■ Provided material:
═══
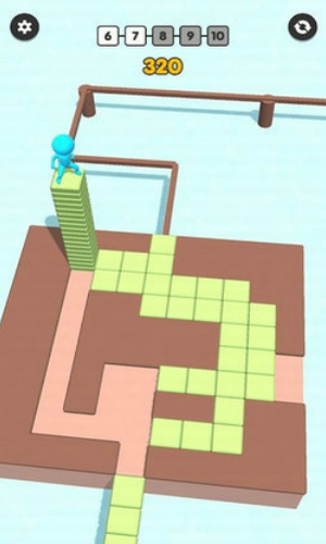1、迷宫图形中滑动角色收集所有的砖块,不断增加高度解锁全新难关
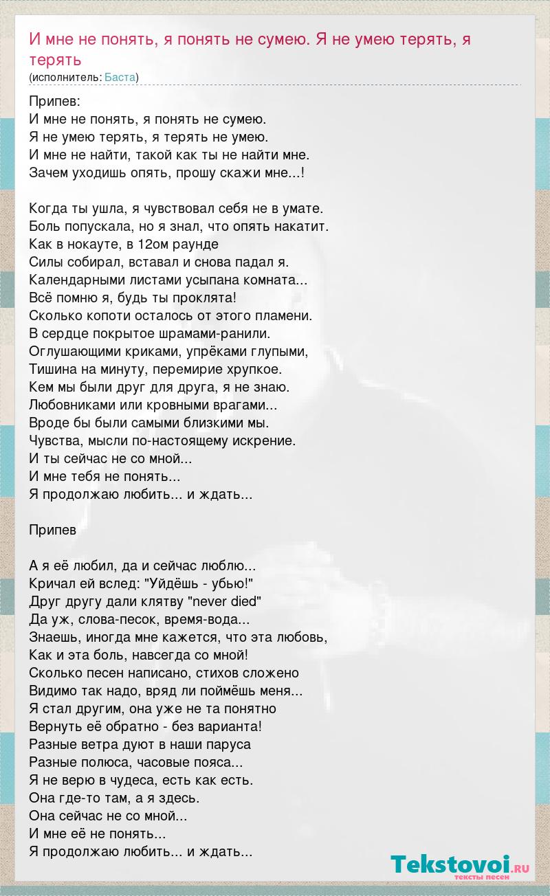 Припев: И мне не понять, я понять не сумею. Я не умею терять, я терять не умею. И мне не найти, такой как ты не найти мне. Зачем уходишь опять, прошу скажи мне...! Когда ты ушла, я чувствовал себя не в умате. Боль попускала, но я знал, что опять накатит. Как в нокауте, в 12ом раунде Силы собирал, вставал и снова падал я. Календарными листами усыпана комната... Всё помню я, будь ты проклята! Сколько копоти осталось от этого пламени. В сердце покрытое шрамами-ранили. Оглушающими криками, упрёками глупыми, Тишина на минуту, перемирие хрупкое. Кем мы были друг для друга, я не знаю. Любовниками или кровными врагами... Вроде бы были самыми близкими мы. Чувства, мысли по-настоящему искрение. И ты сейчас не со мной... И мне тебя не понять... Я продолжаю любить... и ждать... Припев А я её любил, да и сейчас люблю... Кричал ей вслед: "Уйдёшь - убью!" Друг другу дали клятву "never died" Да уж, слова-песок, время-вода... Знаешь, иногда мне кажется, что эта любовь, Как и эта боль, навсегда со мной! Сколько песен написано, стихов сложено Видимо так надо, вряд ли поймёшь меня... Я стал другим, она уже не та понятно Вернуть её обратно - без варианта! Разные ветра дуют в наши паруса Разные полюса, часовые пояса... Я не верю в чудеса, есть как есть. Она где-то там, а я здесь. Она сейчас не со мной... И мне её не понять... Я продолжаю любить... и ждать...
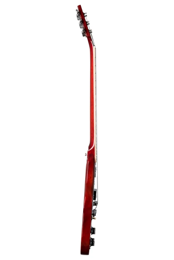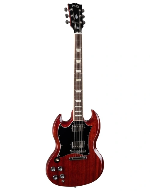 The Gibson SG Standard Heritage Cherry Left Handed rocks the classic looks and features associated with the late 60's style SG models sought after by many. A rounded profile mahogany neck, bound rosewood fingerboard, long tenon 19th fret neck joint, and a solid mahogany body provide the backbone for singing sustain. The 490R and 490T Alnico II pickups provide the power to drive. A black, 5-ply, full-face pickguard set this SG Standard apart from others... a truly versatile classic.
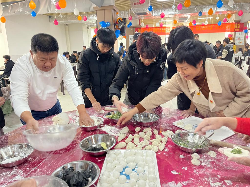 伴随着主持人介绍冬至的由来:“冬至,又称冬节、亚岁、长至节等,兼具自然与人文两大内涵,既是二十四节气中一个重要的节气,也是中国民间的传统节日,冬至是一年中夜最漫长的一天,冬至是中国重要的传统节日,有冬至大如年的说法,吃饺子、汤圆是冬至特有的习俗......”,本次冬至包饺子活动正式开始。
═══
■ Your objective:
Return the listing above in an exact copy that leaves out the images.

■ Exercise result:
1、迷宫图形中滑动角色收集所有的砖块,不断增加高度解锁全新难关
 Припев: И мне не понять, я понять не сумею. Я не умею терять, я терять не умею. И мне не найти, такой как ты не найти мне. Зачем уходишь опять, прошу скажи мне...! Когда ты ушла, я чувствовал себя не в умате. Боль попускала, но я знал, что опять накатит. Как в нокауте, в 12ом раунде Силы собирал, вставал и снова падал я. Календарными листами усыпана комната... Всё помню я, будь ты проклята! Сколько копоти осталось от этого пламени. В сердце покрытое шрамами-ранили. Оглушающими криками, упрёками глупыми, Тишина на минуту, перемирие хрупкое. Кем мы были друг для друга, я не знаю. Любовниками или кровными врагами... Вроде бы были самыми близкими мы. Чувства, мысли по-настоящему искрение. И ты сейчас не со мной... И мне тебя не понять... Я продолжаю любить... и ждать... Припев А я её любил, да и сейчас люблю... Кричал ей вслед: "Уйдёшь - убью!" Друг другу дали клятву "never died" Да уж, слова-песок, время-вода... Знаешь, иногда мне кажется, что эта любовь, Как и эта боль, навсегда со мной! Сколько песен написано, стихов сложено Видимо так надо, вряд ли поймёшь меня... Я стал другим, она уже не та понятно Вернуть её обратно - без варианта! Разные ветра дуют в наши паруса Разные полюса, часовые пояса... Я не верю в чудеса, есть как есть. Она где-то там, а я здесь. Она сейчас не со мной... И мне её не понять... Я продолжаю любить... и ждать...
 The Gibson SG Standard Heritage Cherry Left Handed rocks the classic looks and features associated with the late 60's style SG models sought after by many. A rounded profile mahogany neck, bound rosewood fingerboard, long tenon 19th fret neck joint, and a solid mahogany body provide the backbone for singing sustain. The 490R and 490T Alnico II pickups provide the power to drive. A black, 5-ply, full-face pickguard set this SG Standard apart from others... a truly versatile classic.
 伴随着主持人介绍冬至的由来:“冬至,又称冬节、亚岁、长至节等,兼具自然与人文两大内涵,既是二十四节气中一个重要的节气,也是中国民间的传统节日,冬至是一年中夜最漫长的一天,冬至是中国重要的传统节日,有冬至大如年的说法,吃饺子、汤圆是冬至特有的习俗......”,本次冬至包饺子活动正式开始。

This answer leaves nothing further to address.